Proteomics as a Tool to Decipher Novel Mechanistic Candidates in Cardiac Pathophysiology
Kaberi Datta,Sagartirtha Sarkar*
Affiliation
Genetics and Molecular Cardiology Laboratory, Department of Zoology, University of Calcutta, Ballygunge Circular Road, Kolkata, West Bengal, India
Corresponding Author
Sagartirtha Sarkar, Genetics and Molecular Cardiology Laboratory, Department of Zoology, University of Calcutta, 35, Ballygunge Circular Road, Kolkata-700019, West Bengal, India. Tel: 0091-33-2461-5445; Fax: 0091-33-2241-3222; E-mail: sagartirtha.sarkar@gmail.com
Citation
Sarkar, S., et al. Proteomics as a Tool to Decipher Novel Mechanistic Candidates in Cardiac Pathophysiology. (2015) Bioinfo Proteom Img Anal 1(2): 51- 55.
Copy rights
© 2015 Sarkar, S. This is an Open access article distributed under the terms of Creative Commons Attribution 4.0 International License.
Keywords
proteomics, computational modelling, heart failure, cardiac diseases
Abstract
Cardiac diseases resulting in heart failure have become one of the major causes of mortality as well as reduced quality of life for people all over the world. In an effort to understand the mechanisms underlying cardiac diseases and devise preventive as well as therapeutic measures, a lot of research has been carried out over the years. Two systems biology approaches- proteomics and computational modelling have drastically changed the field of cardiac research by delivering vast amounts of relevant molecular data thus enhancing the interpretation of both clinical as well as subcellular events dictating pathophysiology during compromised heart function. This review specifically focuses on the contributions of such systems biology approaches in proper understanding of the pathophysiology of diseased myocardium.
Introduction
Cardiovascular diseases resulting in heart failure remain one of the leading causes of mortality the world over. They were accountable for 31% of global deaths in 2012[1]. In view of this, a huge amount of research has been targeted towards diagnoses, prevention and therapeutic intervention of cardiovascular disease forms with a mind to abate the incidence of heart failure. While experimental research has given the bulk of breakthroughs, management procedures and understanding of cardiovascular diseases, a systems biology approach is enhancing and reshaping the way research is carried out and data is interpreted in this field. It is yielding such beneficial results of itself and in conjunction to experimental biology that would not be possible for the latter alone. The purpose of this review is to succinctly catalogue two relevant systems biology approaches being used currently in cardiac biology and highlighting the important contributions made by them.

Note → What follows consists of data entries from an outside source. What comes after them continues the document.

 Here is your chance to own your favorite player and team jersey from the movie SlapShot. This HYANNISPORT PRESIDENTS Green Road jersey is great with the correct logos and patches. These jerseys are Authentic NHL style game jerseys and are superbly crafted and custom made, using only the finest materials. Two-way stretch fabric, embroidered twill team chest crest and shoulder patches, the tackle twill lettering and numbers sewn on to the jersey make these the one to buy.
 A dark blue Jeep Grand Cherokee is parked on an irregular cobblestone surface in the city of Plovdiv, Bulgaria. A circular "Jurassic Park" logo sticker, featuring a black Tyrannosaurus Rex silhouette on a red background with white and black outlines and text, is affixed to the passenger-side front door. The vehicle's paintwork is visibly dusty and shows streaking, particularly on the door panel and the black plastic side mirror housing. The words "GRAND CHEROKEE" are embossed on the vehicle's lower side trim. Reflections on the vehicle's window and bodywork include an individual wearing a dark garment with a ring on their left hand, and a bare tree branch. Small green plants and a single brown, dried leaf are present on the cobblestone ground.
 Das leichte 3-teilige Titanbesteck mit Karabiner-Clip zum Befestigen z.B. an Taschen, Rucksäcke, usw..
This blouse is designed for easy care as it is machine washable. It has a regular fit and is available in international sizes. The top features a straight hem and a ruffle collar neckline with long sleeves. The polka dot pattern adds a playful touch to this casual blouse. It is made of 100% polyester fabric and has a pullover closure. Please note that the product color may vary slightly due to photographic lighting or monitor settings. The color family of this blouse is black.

Proteomics in cardiac biology
Proteome is the entire complement of proteins along with their modifications produced by a cell or organism that varies with time and physico-chemical set up of the cell or tissue. Proteomics is a term that applies to large scale and comprehensive study of any specific proteome in order to understand cellular processes. Proteomics approaches have helped in a wide array of cardiac research like biomarker discovery for different cardiac diseases to aid in efficient diagnoses and treatment, cellular signaling networks involved in the pathology of different cardiac diseases, understanding the cellular basis of disease initiation and progression and action of therapeutic drugs in different cardiac diseases.

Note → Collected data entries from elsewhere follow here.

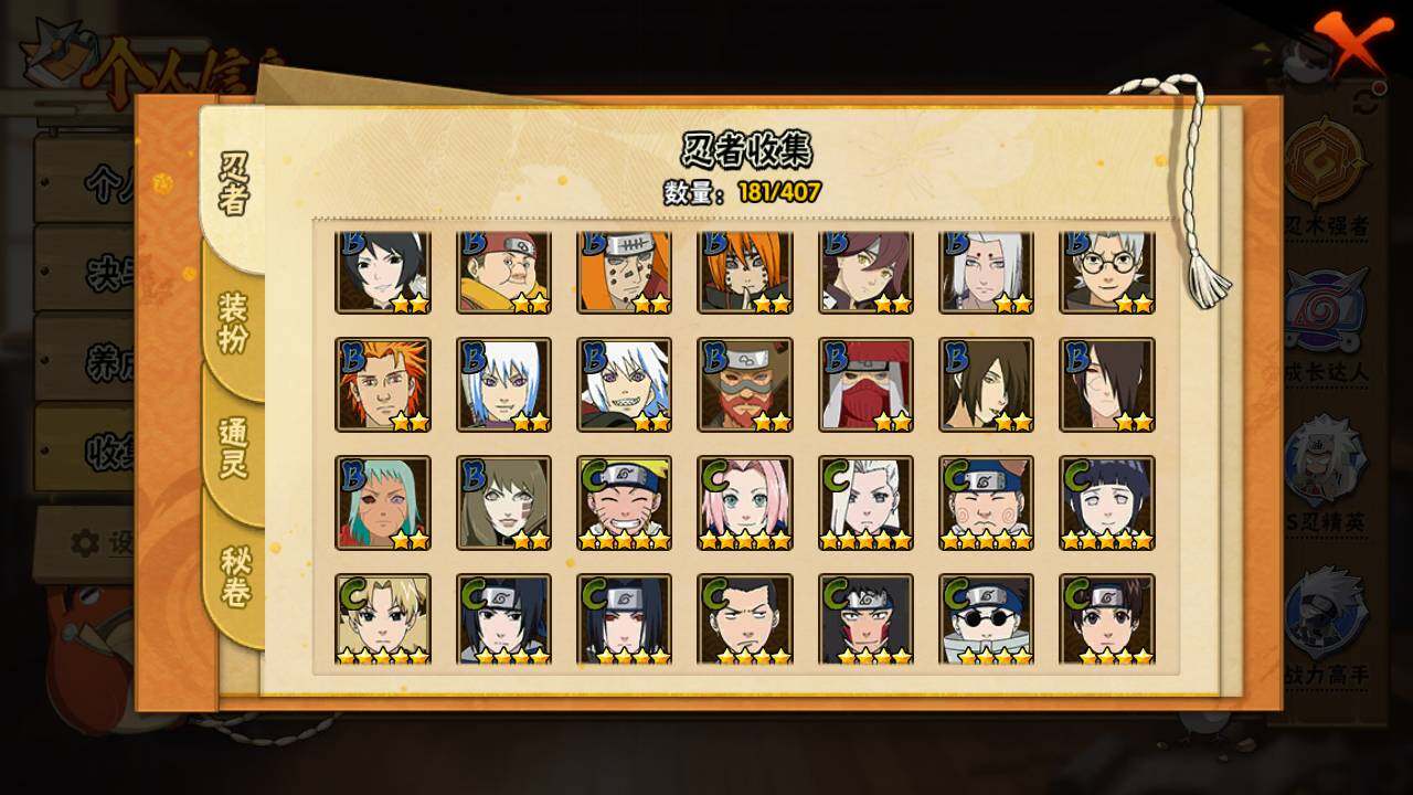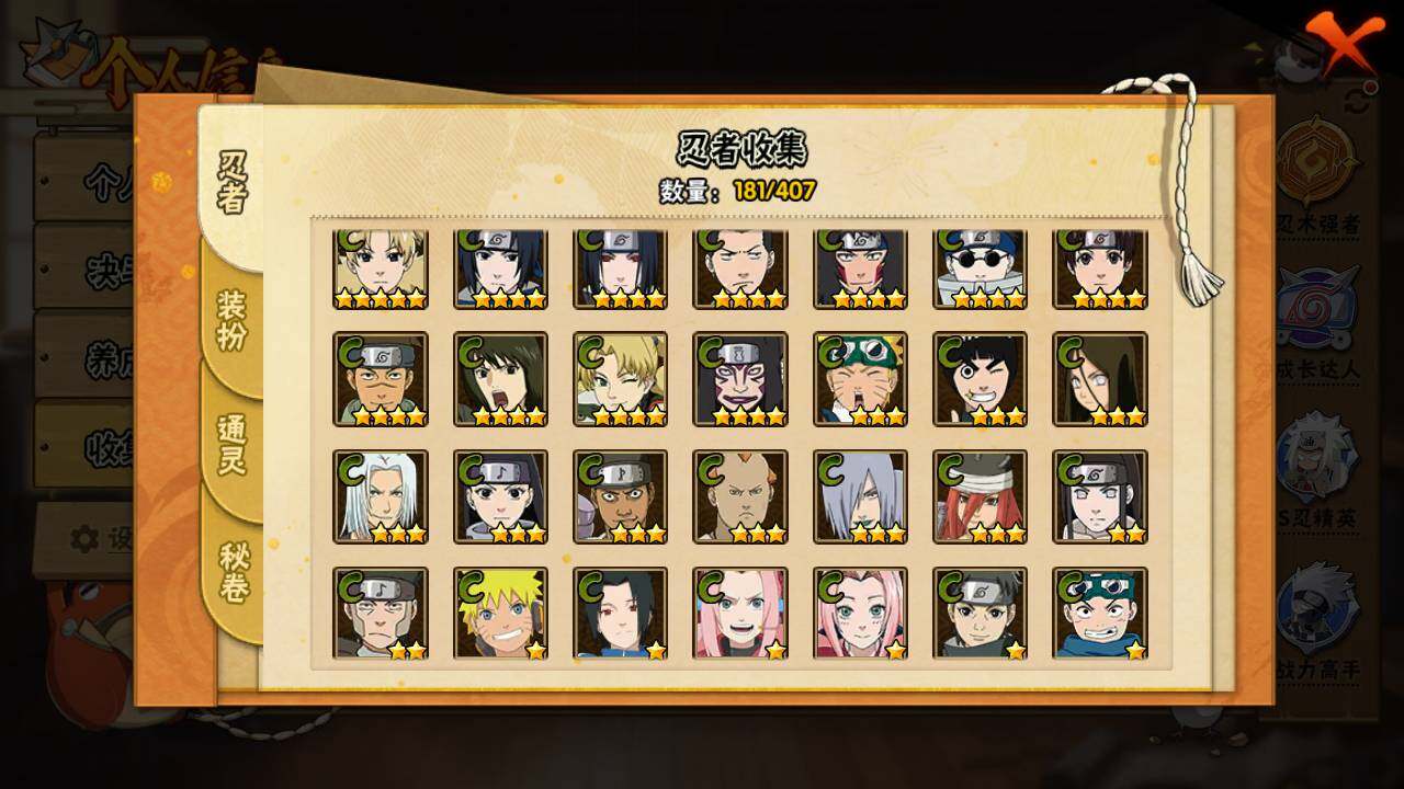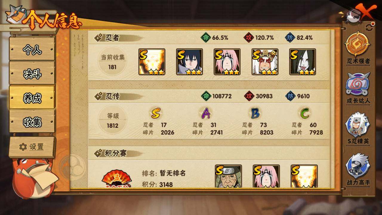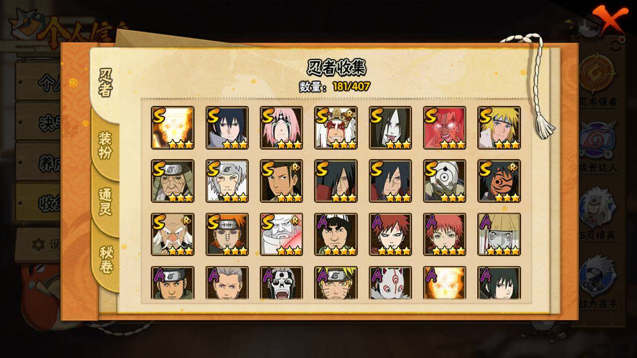 【S级忍者】:猿飞日斩「秽土转生」(3星),宇智波斑「秽土转生」(3星),宇智波斑「秽土转生·解」(3星),大野木「忍界大战」(3星),春野樱「忍界大战」(3星),千手柱间「木叶创立」(3星),自来也「舞之豪杰」(3星),大蛇丸(3星),千手扉间(3星),波风水门(3星),神秘面具男「红夜之刃」(3星),漩涡鸣人「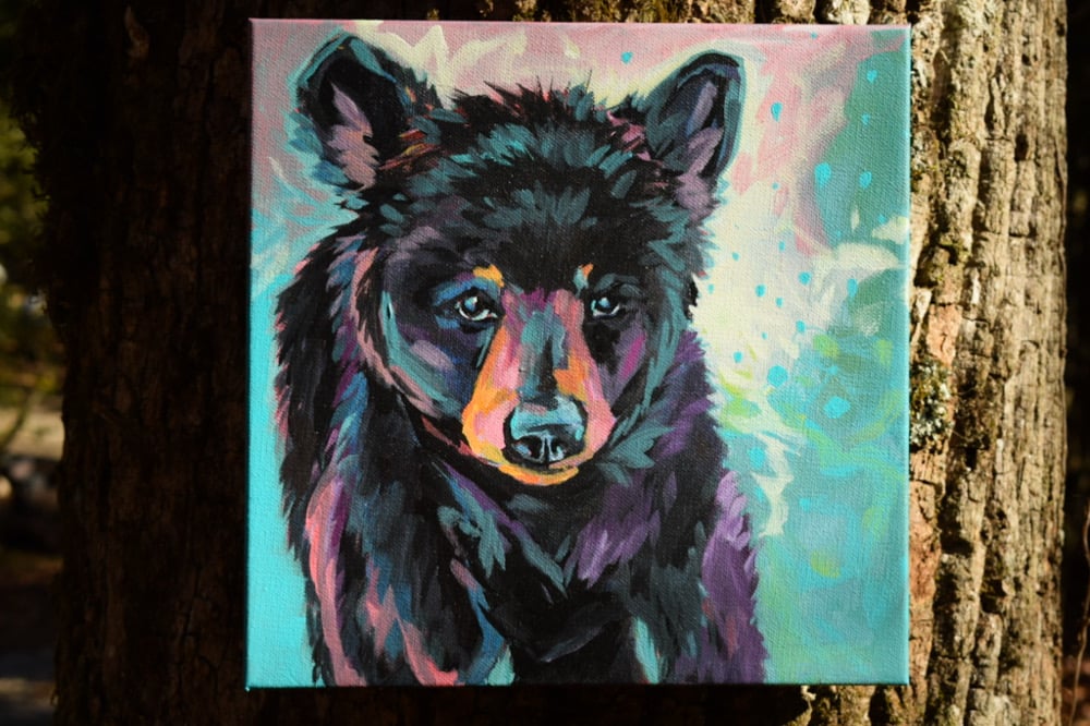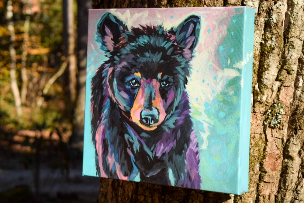 "Baby Bear" 10x10x1.5, acrylic on gallery wrapped canvas. Wrapped painted edges, signed, varnished & ready to hang.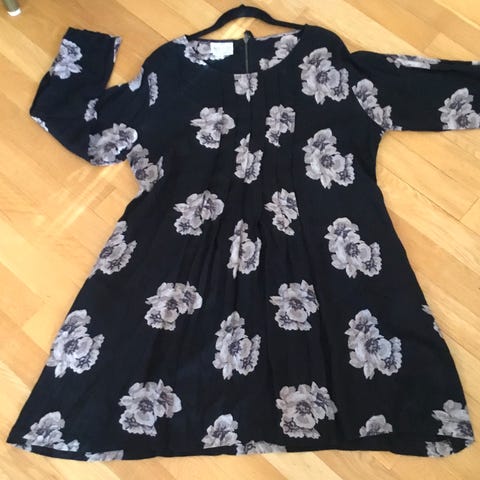 Kjolen ble brukt en gang. Er i 80 % viskose og 20 % lin. Str. L og i farge beige med sorte stikninger. 60 cm over byste og 112 cm lengde. Ermene er 35 cm lange m/ stikninger. Elegant, lekker kjole. Gratis frakt, sendes i posten.

While expression proteomics have yielded a large amount of information about the proteins involved in any cardiac disease, structural proteomics is giving specific information regarding protein complexes[2], their functions, drug- protein interactions as well as drug-off target protein interactions[3,4], to enhance therapeutic approaches. Different protein separation techniques are used prior to mass spectrometry to enhance the resolution power of the mass spectrometer and enable it to detect rare proteins. 2 dimensional difference in gel electrophoresis (DIGE), isobaric tags for relative and absolute quantitation (iTRAQ™) labelling and liquid chromatography (LC) are some popularly used labelled separation techniques that allow multiplexing of samples for ease in comparison[5-9].

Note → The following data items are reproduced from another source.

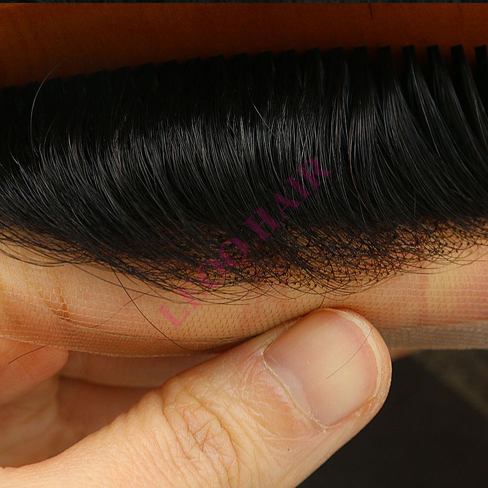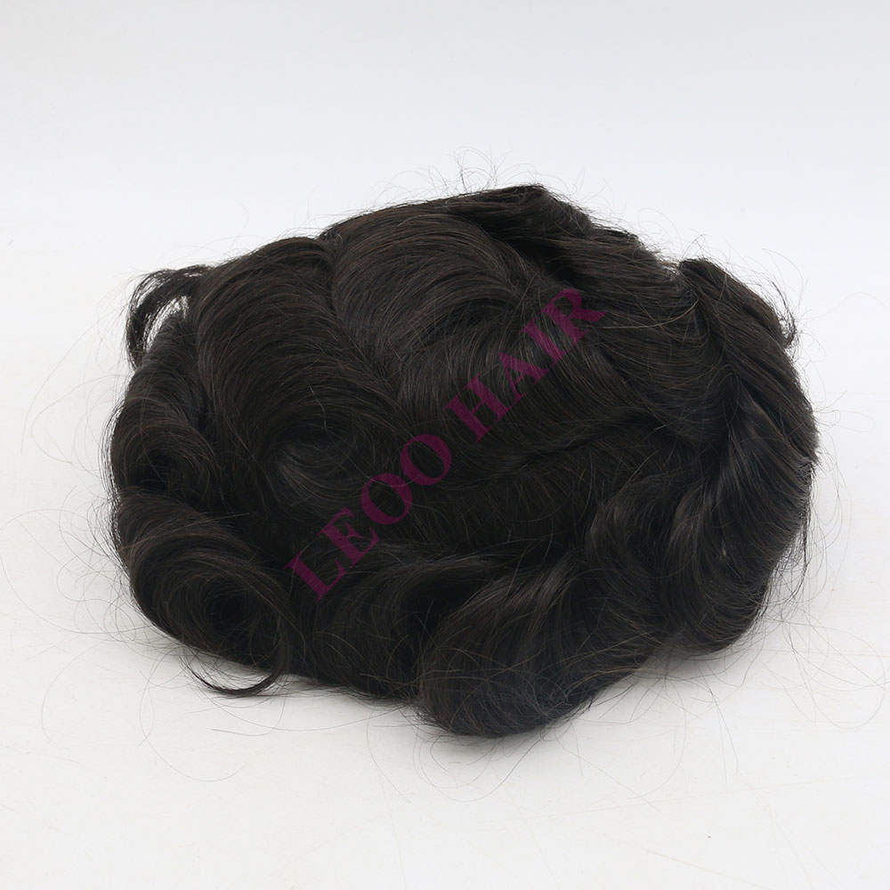 The VER men’s toupee boasts a combination of a mono top and PU base, complemented by a laced front for added realism. The durable mono top ensures longevity, while the PU coverage simplifies the application and maintenance process, making it convenient to attach with tape and clean when needed.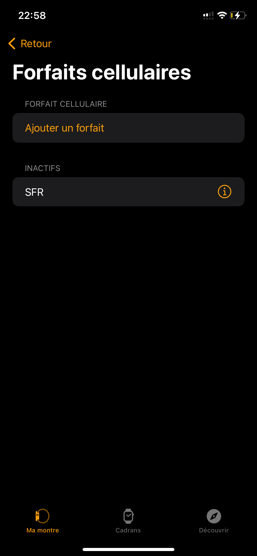 je viens de souscrire à l’option montre connectée avec mon opérateur (red by sfr) et je n’arrive pas à activer le forfait depuis l’application Watch.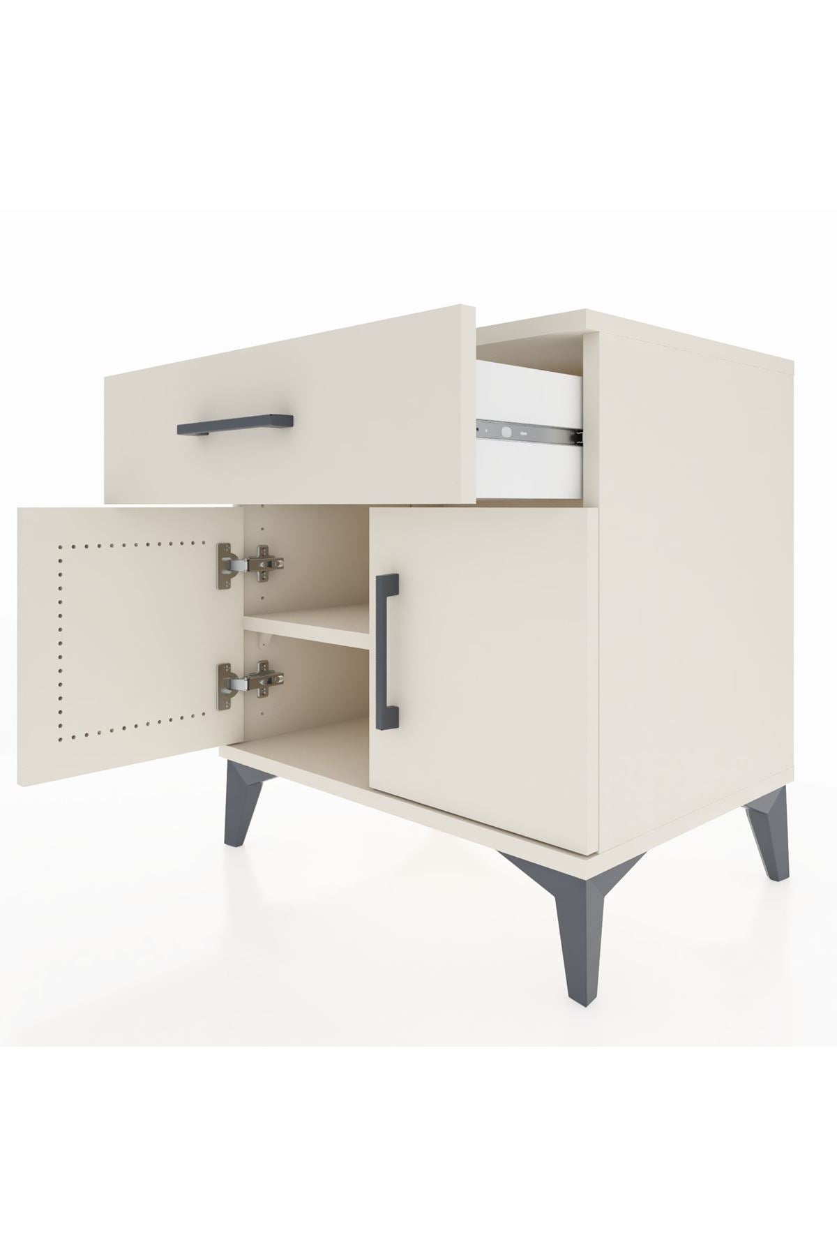 Hyperion Komodin Tek Raflı Tek Çekmeceli 2 Kapaklı 60x44x64 Aytaşı-Aytaşı

Proteomics in biomarker discovery
Biomarkers are measurable indicators of cardiac disease presence and/ or severity. Novel candidates are always being researched which can be easily assessed noninvasively and provide high degree of specificity and sensitivity in diagnosing different forms of cardiac diseases. As of now the established biomarkers in clinical use are- cardiac Troponin I and T for diagnosing acute myocardial infarction (MI), B-type natriuretic peptides (BNP) for diagnosing heart failure, C reactive protein as inflammation marker of ischemic disease[10-12]. Towards this end, proteomics has been an invaluable tool that has churned out several promising novel biomarker candidates. Cardiac myosin-binding protein C has been found to be a potential biomarker for early myocardial injury during acute MI[13]. Haptoglobin has also been found as a potential marker for acute MI[14]. A plasma proteomics approach has revealed Quiescin Q6 (QSOX1), a protein involved in forming disulfide bridges to be a novel biomarker for acute decompensated heart failure. When combined with existing BNP it became an even more specific and accurate diagnostic tool for acute decompensated heart failure[15].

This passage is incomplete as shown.